[TASK INSTRUCTIONS] Copy nothing but the lines running from the one containing "Examining the correlation" through the end of the listing below. Drop the pictures.

[DATA FOR REVIEW]
= = =
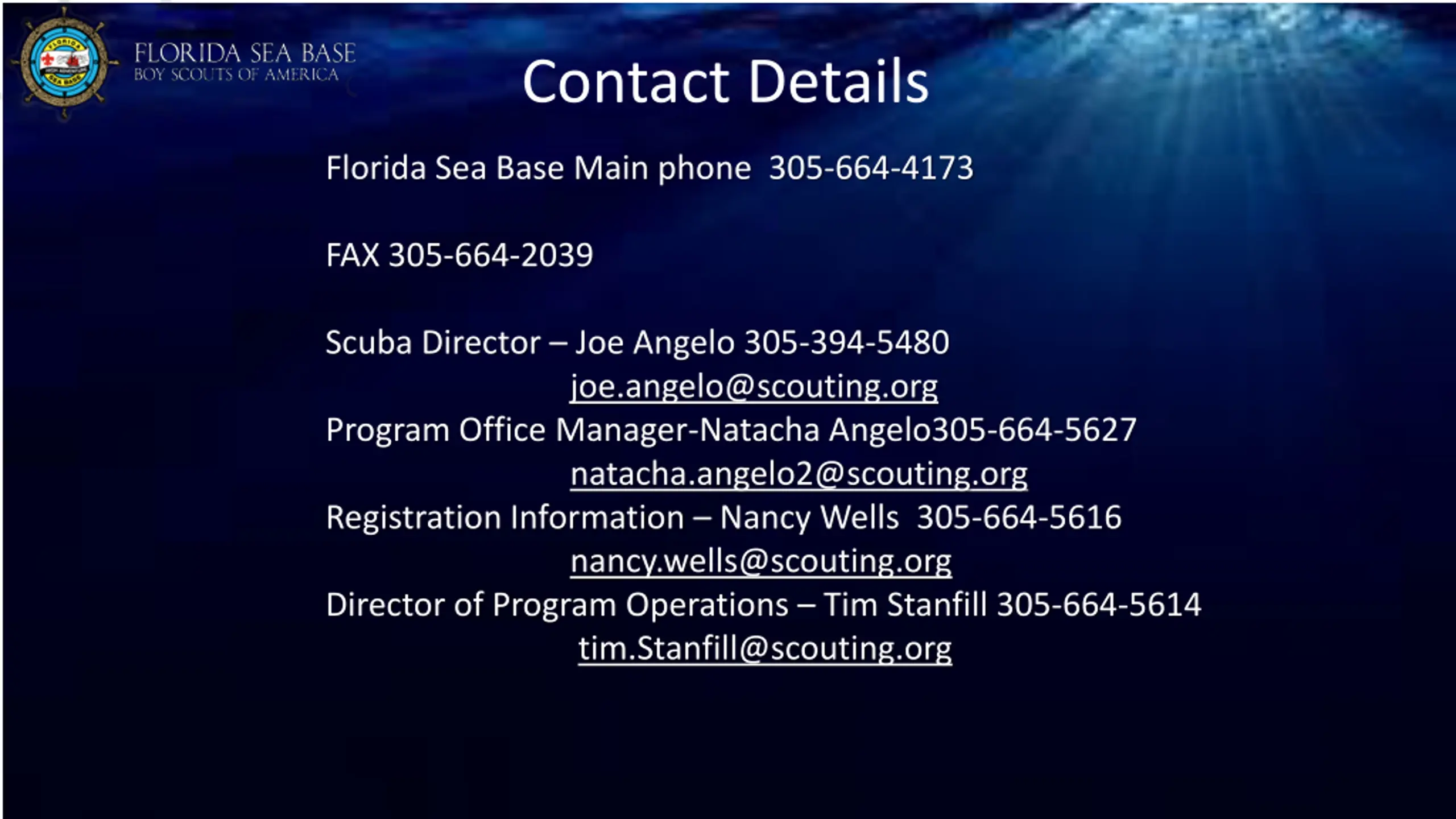 Contact Details Florida Sea Base Main phone 305-664-4173 FAX 305-664-2039 Scuba Director Joe Angelo 305-394-5480 joe.angelo@scouting.org Program Office Manager-Natacha Angelo305-664-5627 natacha.angelo2@scouting.org Registration Information Nancy Wells 305-664-5616 nancy.wells@scouting.org Director of Program Operations Tim Stanfill 305-664-5614 tim.Stanfill@scouting.org
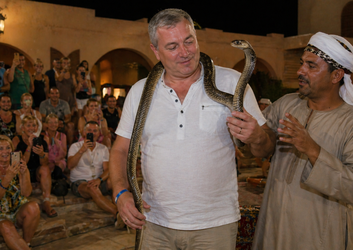 57-летний турист из Германии пришёл на развлекательное шоу с «заклинателем змей» в одном из отелей Хургады. Всё шло по привычному сценарию — змей давали подержать зрителям, он обвивались вокруг шеи, создавая эффект безопасного риска.
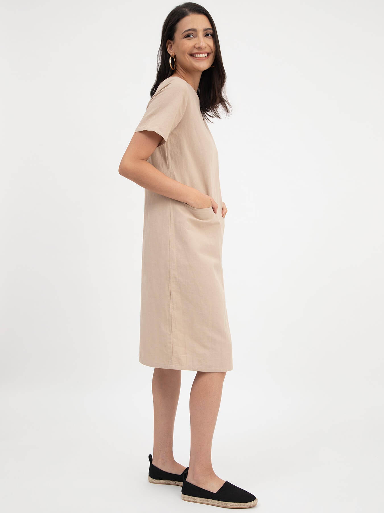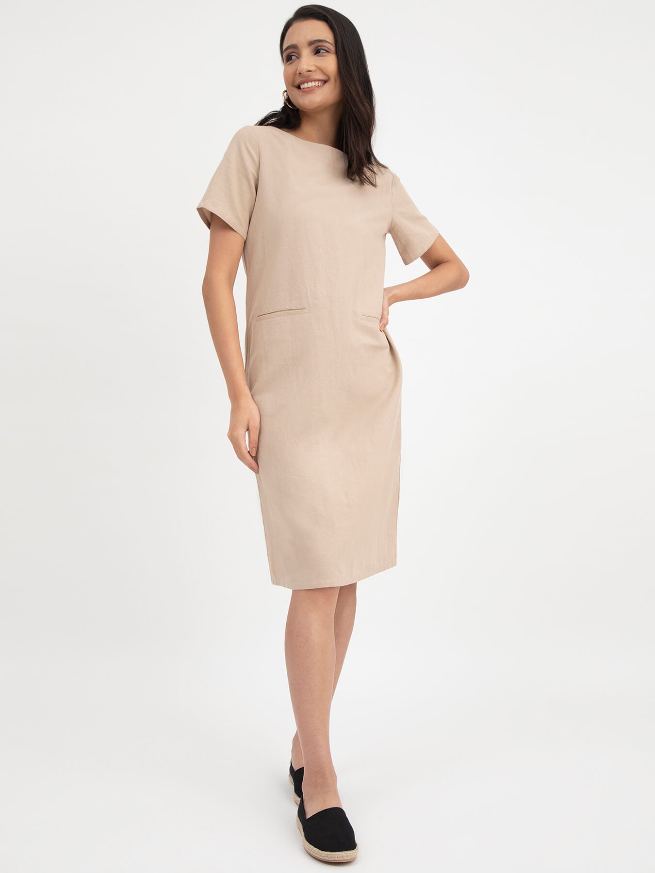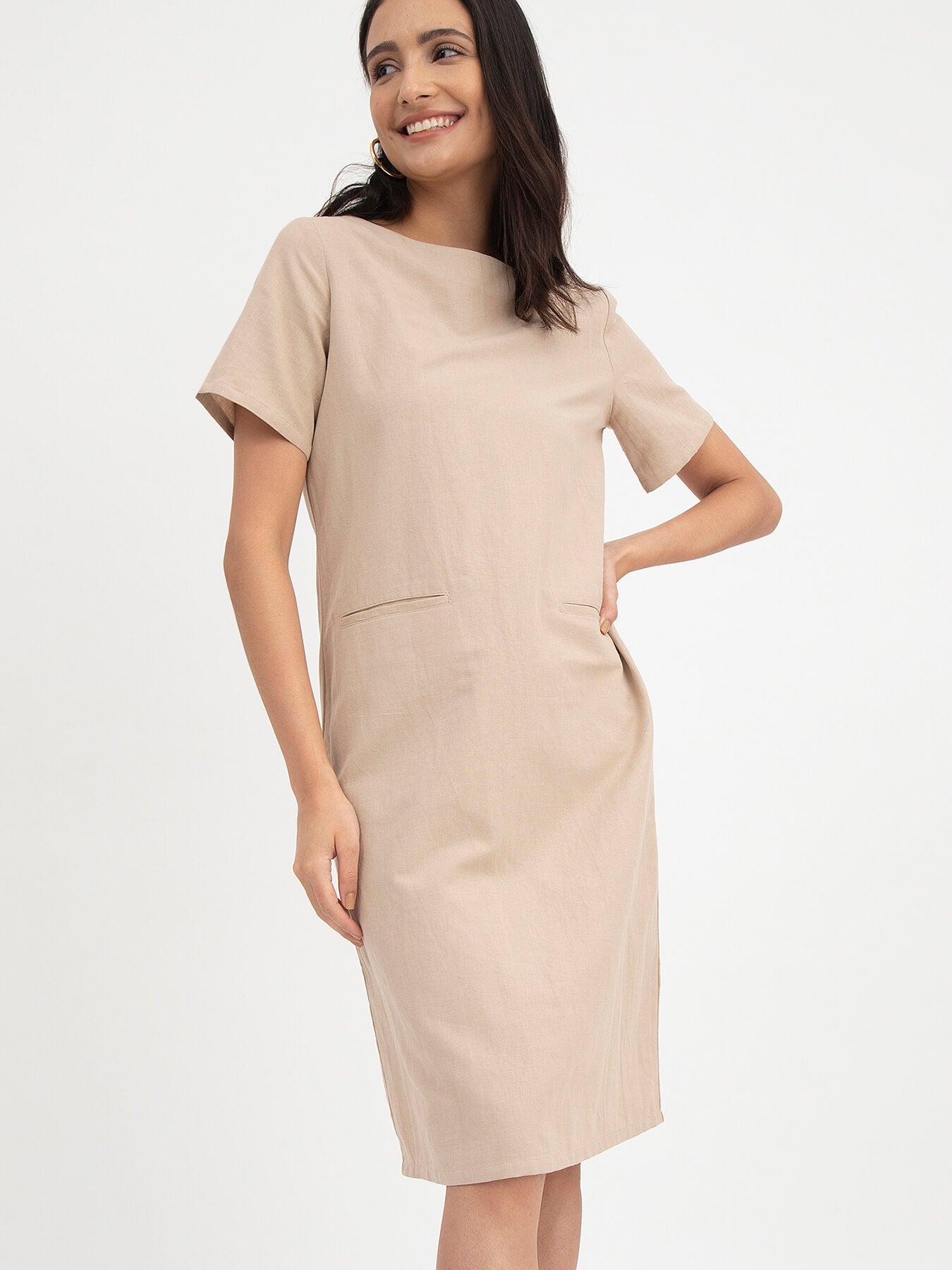 Linen Boat Neck Dress - Beige
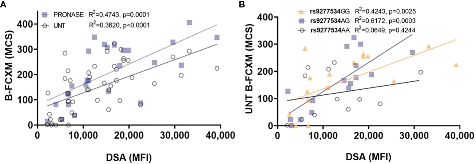 Examining the correlation between DP DSA and B-FCXM. (A) The correlation of DP DSA MFI on B-FCXM with and without pronase (UNT) treatment. (B) A robust linear correlation in B-FCXM with DP DSA against rs9277534GG and AG donor cells, whereas such correlation is not observed in cells with rs9277534AA. MCS, median channel shift.
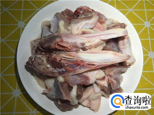 鸭肉切小块,清洗干净,鸭头的位置一定要切开,多清洗几遍,把黏黏的唾液给清洗干净。
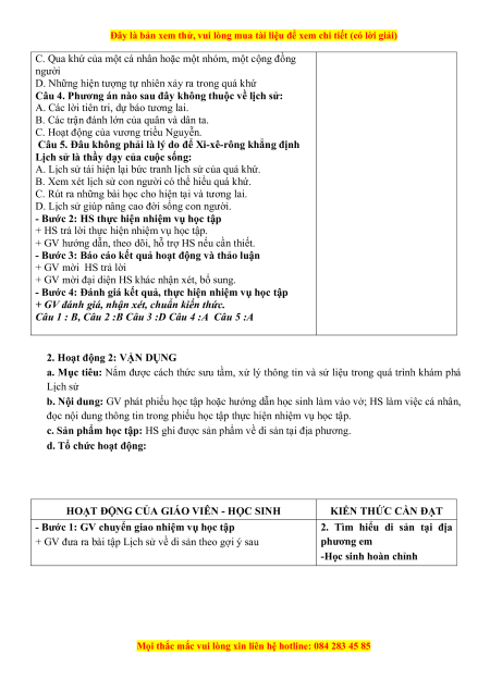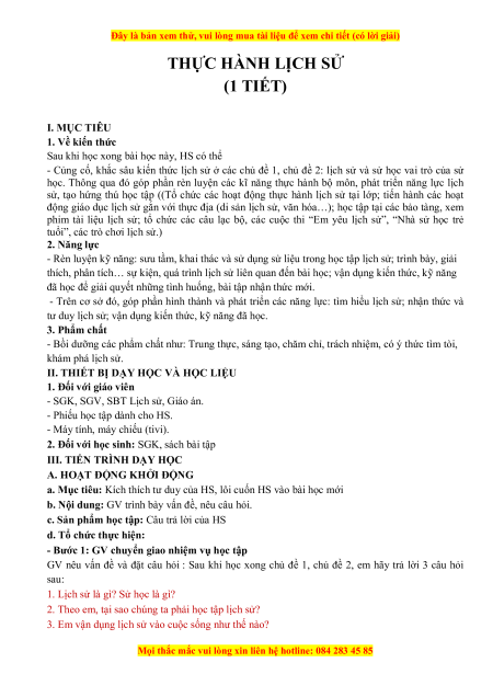 Đây là bản xem thử, vui lòng mua tài liệu để xem chi tiết (có lời giải) THỰC HÀNH LỊCH SỬ (1 TIẾT) I. MỤC TIÊU 1. Về kiến thức
= = =
[TASK OUTPUT]
 Examining the correlation between DP DSA and B-FCXM. (A) The correlation of DP DSA MFI on B-FCXM with and without pronase (UNT) treatment. (B) A robust linear correlation in B-FCXM with DP DSA against rs9277534GG and AG donor cells, whereas such correlation is not observed in cells with rs9277534AA. MCS, median channel shift.
 鸭肉切小块,清洗干净,鸭头的位置一定要切开,多清洗几遍,把黏黏的唾液给清洗干净。
 Đây là bản xem thử, vui lòng mua tài liệu để xem chi tiết (có lời giải) THỰC HÀNH LỊCH SỬ (1 TIẾT) I. MỤC TIÊU 1. Về kiến thức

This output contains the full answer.